So how can these two sides-both swelling with educated, intelligent thinkers-disagree on something as fundamental as the science of salmon survival?

Anderson's assertion is based on a 2008 study prepared by NOAA's National Marine Fisheries Service and the Army Corps of Engineers. The study, a court-ordered "biological opinion" (or "BiOp"), is NOAA's second attempt at creating a salmon recovery plan that satisfies its obligations-to recover endangered salmon populations and to ensure their future survival-under the Endangered Species Act. The agency's previous BiOp-created in 2004-was ruled invalid by Justice James Redden of the U.S. Court of Appeals for the Ninth Circuit. Redden dismissed the BiOp on the grounds that it further jeopardized the salmon instead of aiding their recovery, thereby violating the Endangered Species Act.

In doing so, Redden excited many conservationists; here, at last, was a powerful government figure standing up for salmon. Redden has yet to rule on the 2008 BiOp, but a coalition of conservationist groups and fishermen sued NOAA two months after its release, claiming that the 2008 BiOp was even worse for salmon than the 2004 version.

The rift between the two sides is partly about geography. There is a figurative curtain drawn across the Cascades-for the most part, residents of western Washington either support dam removal or are ambivalent, while residents of eastern Washington are avidly pro-dam.

"People on the east side are physically closer to the dams, and they're actually connected to their various uses, like irrigation, navigation and recreation," notes Saven of Northwest RiverPartners.

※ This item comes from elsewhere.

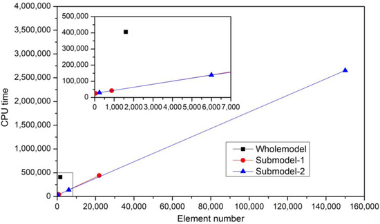 Figure 6 shows the CPU time at different refinement ratios. It can be seen that the computation time of the Wholemodel was reduced by about ~85% in the Submodel when the element number in them is the same. This is because complicated boundary conditions and interactions were considered when analysing the Wholemodel, and they cost expensive computation sources, while the boundary conditions for the Submodel are greatly simplified and thus the computation time is reduced. As for the Submodel with different mesh refinement ratios, it can be seen that the CPU time is almost linearly related to the element number. The CPU time increases ~17 times when the mesh refinement ratio is 625. When using the Submodel method, the computation time became affordable, especially for a relatively small region.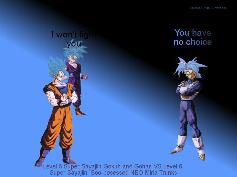 "Yet another Dbz Image. This is my first rendition of a Level 6 super-sayajin majin buu-possesed trunks vs a Level 6 super-sayajin gokou and gohan. Fair bit of work. Eye and Hair color changed, the planet (yes, that's a planet) is just a gradient and no stars."

While westsiders benefit from hydroelectricity-Seattle City Light buys as much as 25 percent of its annual power from BPA, the federal agency that brokers the electricity produced by 31 federal dams around the Pacific Northwest-it's a less obvious connection.

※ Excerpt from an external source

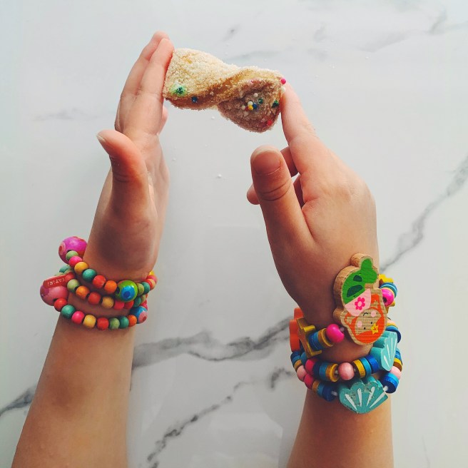 When my daughter chose Kichel: Rainbow Nothings (what she named the “Party Cookies” when she saw the picture) to make, I inwardly cringed a little bit because they a) took over a dozen eggs (in a combination of yolks and whole eggs) to make and b) I would need to watch my stand mixer beat the dough on low for about 20 minutes. Neither of which particularly appealed to me but, as I often find when I feel this way about a recipe, when I make the recipe it’ll turn out wonderfully and be one that I’ll keep making. Once the dough was rolled out and pressed into the sugar and sprinkles, I could see the look of glee and anticipation on my little one’s face. The resulting cookies are much more that the name implies — if you saw Katie bite into her first Kichel her face said everything. This light and crisp cookie covered with sugar and sprinkles was every bit the party that they looked, and I think it’s become the most requested cookie in my house.

The geographic issue is also represented politically. U.S. Rep. Jim McDermott, a westside member of Congress who represents Seattle's 7th District and a longtime advocate of dam removal, has repeatedly called for action from the federal government. "We've spent a lot of money in the last 20 years on this issue," McDermott says, "and the salmon stocks have not been recovered. Clearly, something isn't working." Though McDermott has yet to pass a bill regarding Columbia River and Snake River salmon, he continues to press the issue on his colleagues in the House of Representatives, many of whom are resistant to the idea of dam removal. The latest version of McDermott's bill is the Salmon Economic Analysis and Protection Act (SEAPA), which calls for an independent, nonpartisan scientific study of the health of Snake River salmon. It, too, has been met with opposition in the House.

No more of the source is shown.